## [HOW TO COMPLETE THIS TASK]
Print the data below again in full, exactly as it stands, with no images.

## [MATERIAL PROVIDED]

--

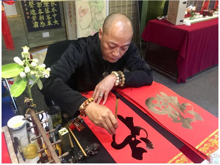 Đi dọc tuyến phố, du khách dễ dàng bị thu hút đầu tiên ở quầy thư pháp, với những xấp giấy đỏ, mực tàu, nghiên bút được bày biện gọn gàng, điểm xuyết bằng bàn trà nhỏ, bên cạnh cây mai trắng đang độ nở hoa. Ông Xuân Quỳnh – một nghệ nhân viết thư pháp đã có hơn hai mươi năm tu dưỡng chia sẻ: “Tôi học viết thư pháp vì đam mê, còn những thầy đồ ở đây, các cụ đã có đến ba mươi, bốn mươi năm tu dưỡng”.
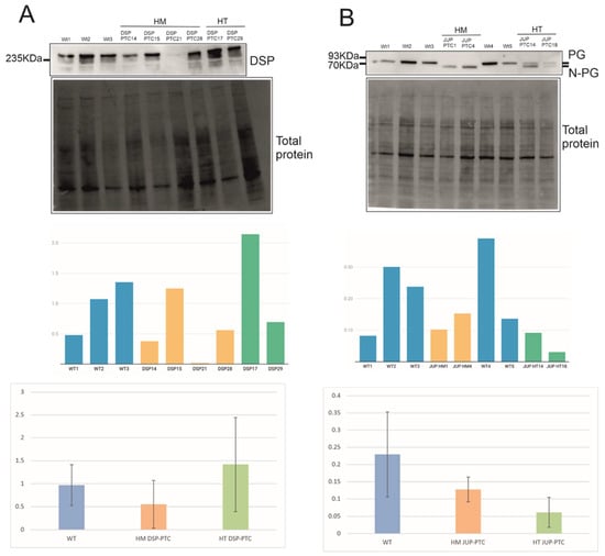 - Cabral, R.M.; Liu, L.; Hogan, C.; Dopping-Hepenstal, P.J.C.; Winik, B.C.; Asial, R.A.; Dobson, R.; Mein, C.A.; Baselaga, P.A.; Mellerio, J.E.; et al. Homozygous Mutations in the 5′ Region of the JUP Gene Result in Cutaneous Disease but Normal Heart Development in Children. J. Investig. Dermatol. 2010, 130, 1543–1550. [Google Scholar] [CrossRef] [PubMed]
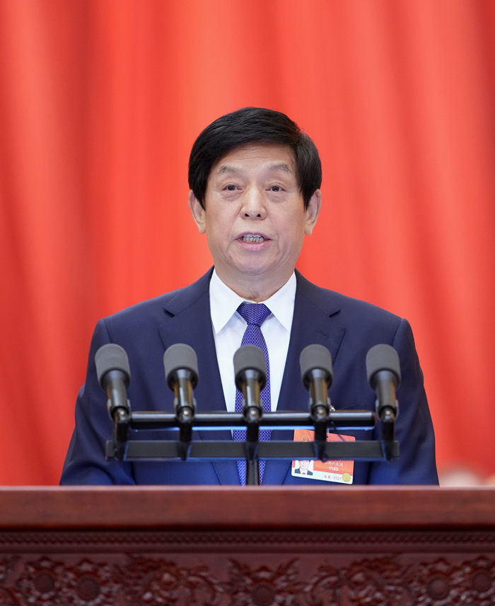 3月8日,全國(guó)人大常委會(huì)委員長(zhǎng)栗戰(zhàn)書向十三屆全國(guó)人大四次會(huì)議作《全國(guó)人民代表大會(huì)常務(wù)委員會(huì)工作報(bào)告》。新華社記者 劉彬 攝
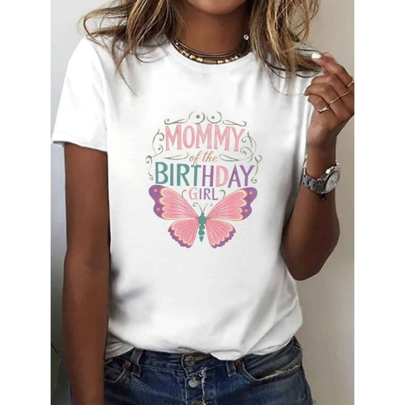 European Size European Size A Printed T-Shirt for The Birthday Mother, Featuring Short Sleeves And a Round Neck, Perfect for Casual Wear in Spring

--

## [WRITTEN SOLUTION]
 Đi dọc tuyến phố, du khách dễ dàng bị thu hút đầu tiên ở quầy thư pháp, với những xấp giấy đỏ, mực tàu, nghiên bút được bày biện gọn gàng, điểm xuyết bằng bàn trà nhỏ, bên cạnh cây mai trắng đang độ nở hoa. Ông Xuân Quỳnh – một nghệ nhân viết thư pháp đã có hơn hai mươi năm tu dưỡng chia sẻ: “Tôi học viết thư pháp vì đam mê, còn những thầy đồ ở đây, các cụ đã có đến ba mươi, bốn mươi năm tu dưỡng”.
 - Cabral, R.M.; Liu, L.; Hogan, C.; Dopping-Hepenstal, P.J.C.; Winik, B.C.; Asial, R.A.; Dobson, R.; Mein, C.A.; Baselaga, P.A.; Mellerio, J.E.; et al. Homozygous Mutations in the 5′ Region of the JUP Gene Result in Cutaneous Disease but Normal Heart Development in Children. J. Investig. Dermatol. 2010, 130, 1543–1550. [Google Scholar] [CrossRef] [PubMed]
 3月8日,全國(guó)人大常委會(huì)委員長(zhǎng)栗戰(zhàn)書向十三屆全國(guó)人大四次會(huì)議作《全國(guó)人民代表大會(huì)常務(wù)委員會(huì)工作報(bào)告》。新華社記者 劉彬 攝
 European Size European Size A Printed T-Shirt for The Birthday Mother, Featuring Short Sleeves And a Round Neck, Perfect for Casual Wear in Spring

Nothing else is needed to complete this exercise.